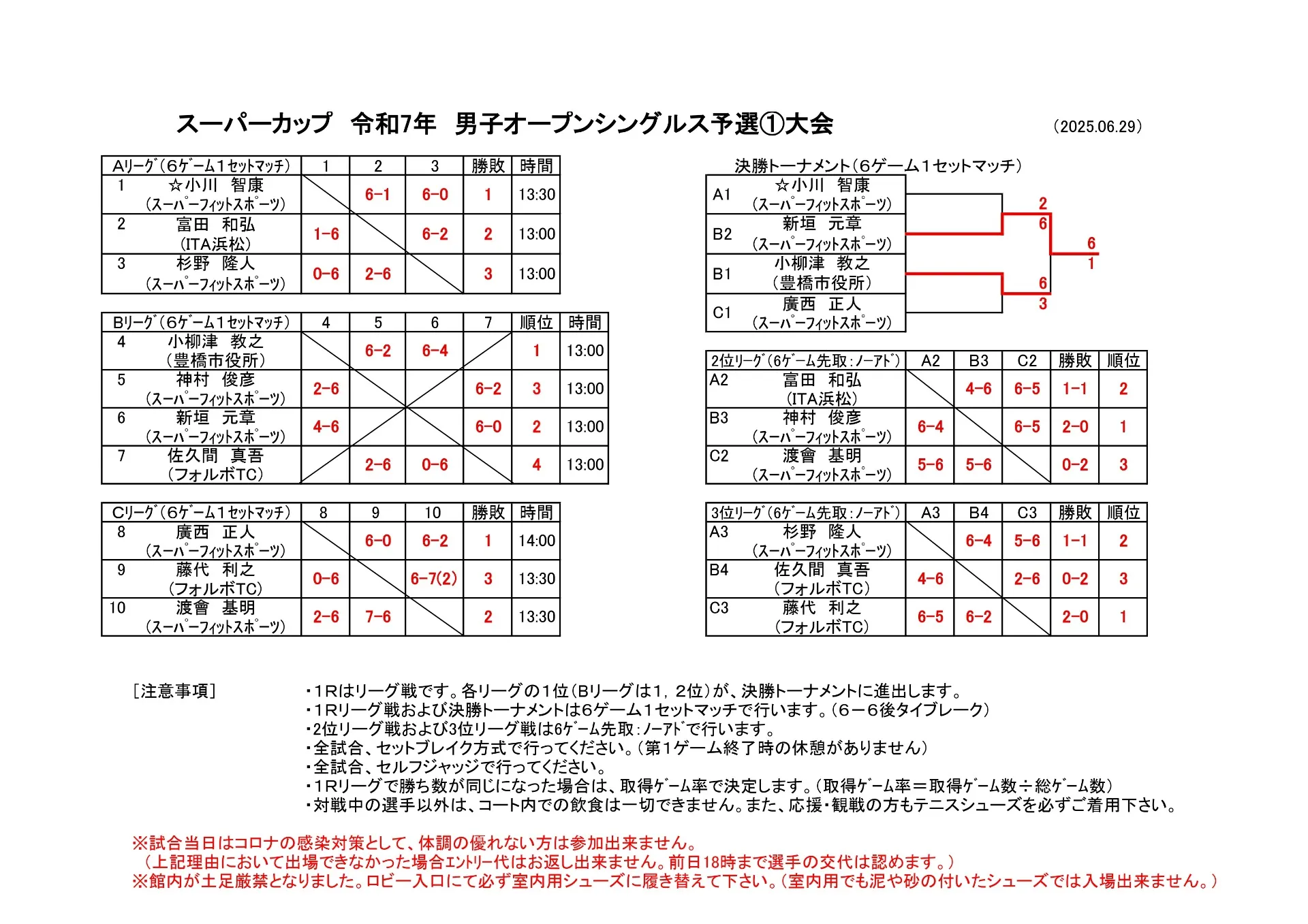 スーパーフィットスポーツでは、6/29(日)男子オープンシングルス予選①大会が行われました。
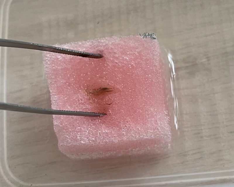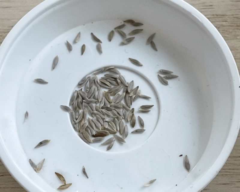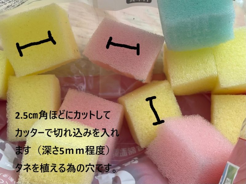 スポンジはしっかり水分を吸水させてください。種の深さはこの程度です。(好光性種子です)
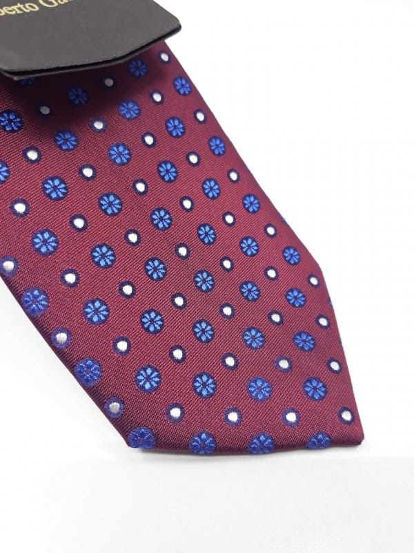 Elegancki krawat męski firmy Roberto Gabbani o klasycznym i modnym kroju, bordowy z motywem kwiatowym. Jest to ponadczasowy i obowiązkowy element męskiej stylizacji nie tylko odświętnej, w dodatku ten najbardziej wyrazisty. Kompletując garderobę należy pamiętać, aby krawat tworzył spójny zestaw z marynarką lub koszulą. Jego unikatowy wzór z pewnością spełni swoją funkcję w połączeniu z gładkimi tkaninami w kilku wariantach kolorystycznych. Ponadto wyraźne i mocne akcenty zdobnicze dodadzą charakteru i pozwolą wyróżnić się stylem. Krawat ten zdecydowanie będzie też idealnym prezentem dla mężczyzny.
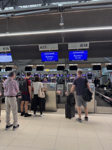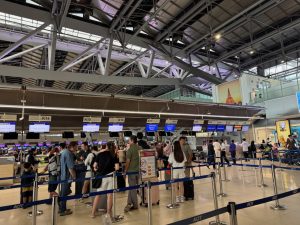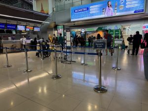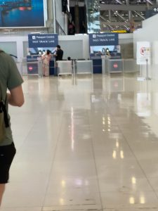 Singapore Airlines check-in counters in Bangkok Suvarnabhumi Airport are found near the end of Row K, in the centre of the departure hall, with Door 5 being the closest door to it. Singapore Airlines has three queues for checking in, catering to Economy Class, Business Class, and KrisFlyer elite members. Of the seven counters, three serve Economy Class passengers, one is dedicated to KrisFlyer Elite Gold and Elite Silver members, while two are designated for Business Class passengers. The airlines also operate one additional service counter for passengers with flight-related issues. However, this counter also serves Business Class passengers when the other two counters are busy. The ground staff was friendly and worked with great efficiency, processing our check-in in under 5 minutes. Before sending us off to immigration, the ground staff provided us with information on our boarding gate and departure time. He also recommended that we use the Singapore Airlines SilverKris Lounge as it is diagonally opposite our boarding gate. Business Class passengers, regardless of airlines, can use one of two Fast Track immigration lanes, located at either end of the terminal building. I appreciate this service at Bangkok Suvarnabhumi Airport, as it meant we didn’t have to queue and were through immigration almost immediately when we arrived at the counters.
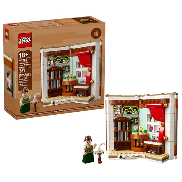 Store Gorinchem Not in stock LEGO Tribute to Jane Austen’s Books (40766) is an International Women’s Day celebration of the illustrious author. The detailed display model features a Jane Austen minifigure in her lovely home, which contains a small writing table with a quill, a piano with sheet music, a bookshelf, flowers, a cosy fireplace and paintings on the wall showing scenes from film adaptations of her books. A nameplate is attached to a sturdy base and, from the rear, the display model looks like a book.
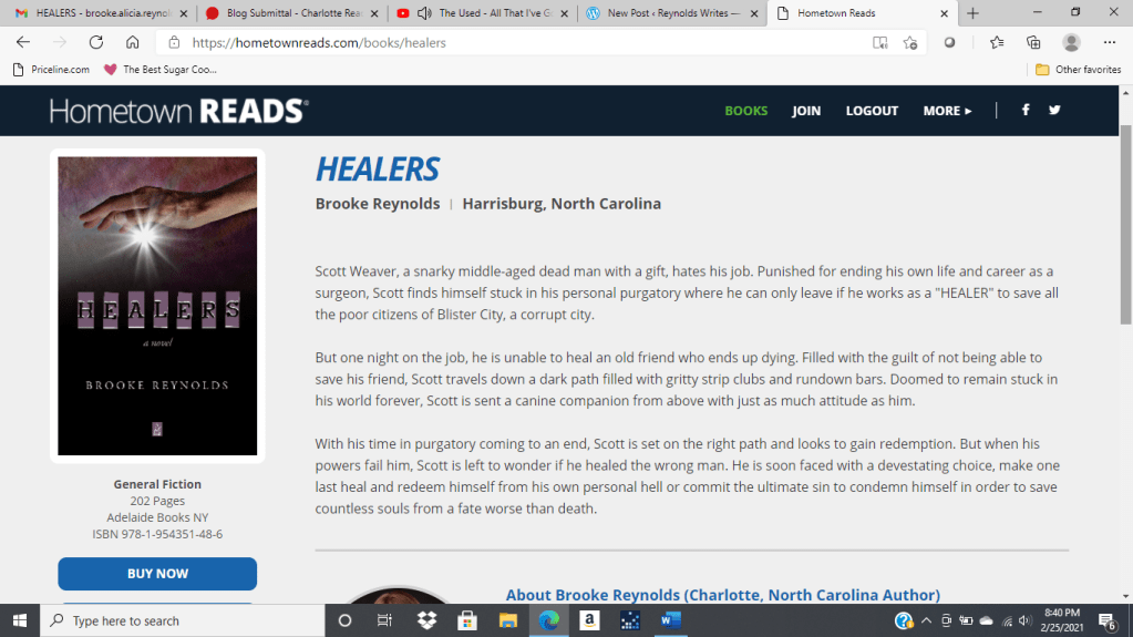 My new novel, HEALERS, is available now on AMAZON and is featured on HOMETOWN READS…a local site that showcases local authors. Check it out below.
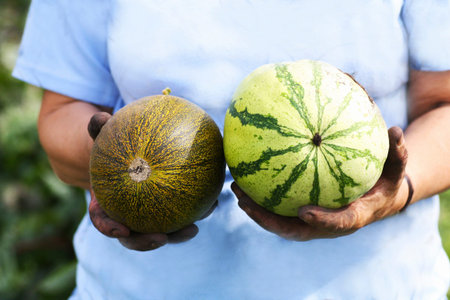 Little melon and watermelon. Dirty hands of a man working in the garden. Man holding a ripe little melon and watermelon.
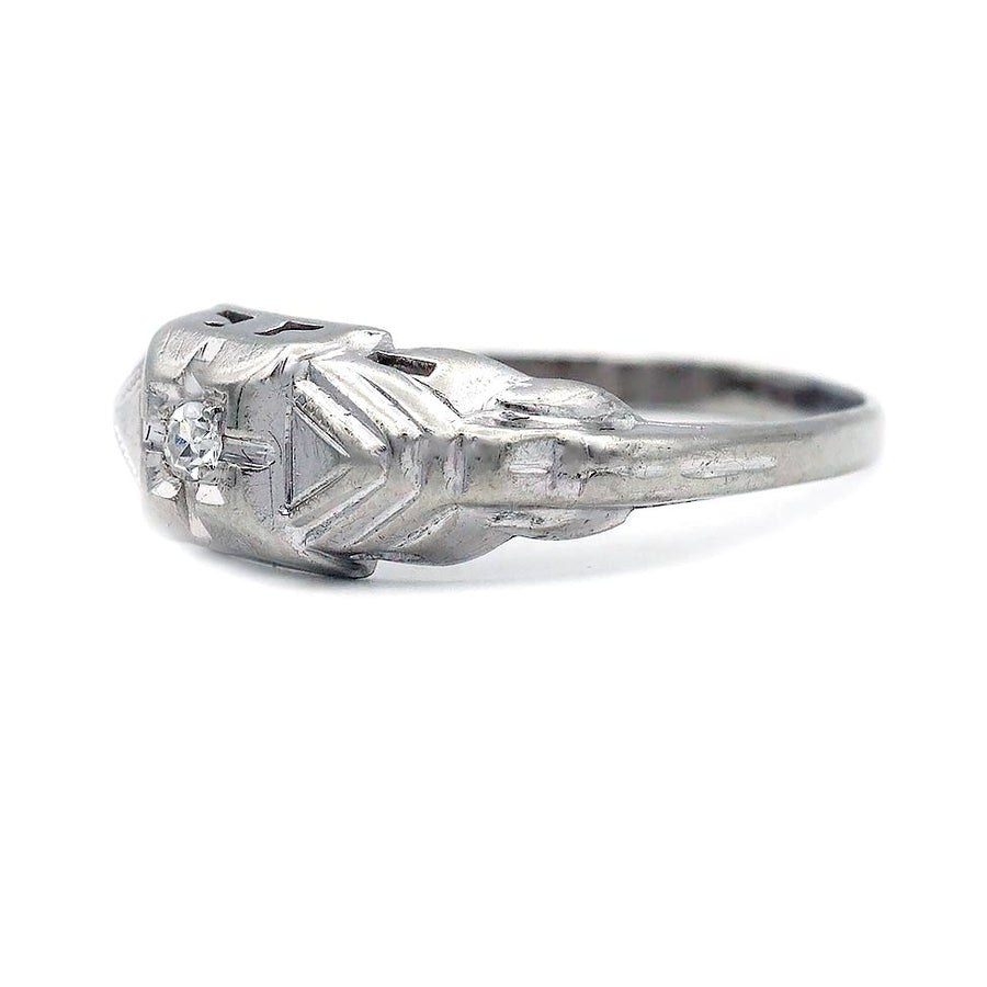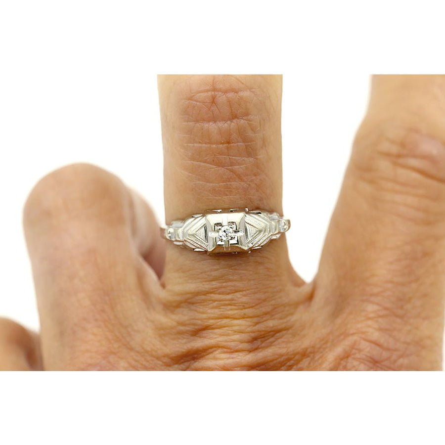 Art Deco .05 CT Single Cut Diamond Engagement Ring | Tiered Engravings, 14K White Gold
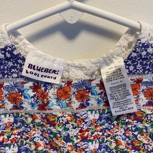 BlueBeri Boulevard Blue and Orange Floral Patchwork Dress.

What you have to do — Give back every record above exactly as written, skipping each picture.

Solution to the problem —
 スーパーフィットスポーツでは、6/29(日)男子オープンシングルス予選①大会が行われました。
 スポンジはしっかり水分を吸水させてください。種の深さはこの程度です。(好光性種子です)
 Elegancki krawat męski firmy Roberto Gabbani o klasycznym i modnym kroju, bordowy z motywem kwiatowym. Jest to ponadczasowy i obowiązkowy element męskiej stylizacji nie tylko odświętnej, w dodatku ten najbardziej wyrazisty. Kompletując garderobę należy pamiętać, aby krawat tworzył spójny zestaw z marynarką lub koszulą. Jego unikatowy wzór z pewnością spełni swoją funkcję w połączeniu z gładkimi tkaninami w kilku wariantach kolorystycznych. Ponadto wyraźne i mocne akcenty zdobnicze dodadzą charakteru i pozwolą wyróżnić się stylem. Krawat ten zdecydowanie będzie też idealnym prezentem dla mężczyzny.
 Singapore Airlines check-in counters in Bangkok Suvarnabhumi Airport are found near the end of Row K, in the centre of the departure hall, with Door 5 being the closest door to it. Singapore Airlines has three queues for checking in, catering to Economy Class, Business Class, and KrisFlyer elite members. Of the seven counters, three serve Economy Class passengers, one is dedicated to KrisFlyer Elite Gold and Elite Silver members, while two are designated for Business Class passengers. The airlines also operate one additional service counter for passengers with flight-related issues. However, this counter also serves Business Class passengers when the other two counters are busy. The ground staff was friendly and worked with great efficiency, processing our check-in in under 5 minutes. Before sending us off to immigration, the ground staff provided us with information on our boarding gate and departure time. He also recommended that we use the Singapore Airlines SilverKris Lounge as it is diagonally opposite our boarding gate. Business Class passengers, regardless of airlines, can use one of two Fast Track immigration lanes, located at either end of the terminal building. I appreciate this service at Bangkok Suvarnabhumi Airport, as it meant we didn’t have to queue and were through immigration almost immediately when we arrived at the counters.
 Store Gorinchem Not in stock LEGO Tribute to Jane Austen’s Books (40766) is an International Women’s Day celebration of the illustrious author. The detailed display model features a Jane Austen minifigure in her lovely home, which contains a small writing table with a quill, a piano with sheet music, a bookshelf, flowers, a cosy fireplace and paintings on the wall showing scenes from film adaptations of her books. A nameplate is attached to a sturdy base and, from the rear, the display model looks like a book.
 My new novel, HEALERS, is available now on AMAZON and is featured on HOMETOWN READS…a local site that showcases local authors. Check it out below.
 Little melon and watermelon. Dirty hands of a man working in the garden. Man holding a ripe little melon and watermelon.
 Art Deco .05 CT Single Cut Diamond Engagement Ring | Tiered Engravings, 14K White Gold
 BlueBeri Boulevard Blue and Orange Floral Patchwork Dress.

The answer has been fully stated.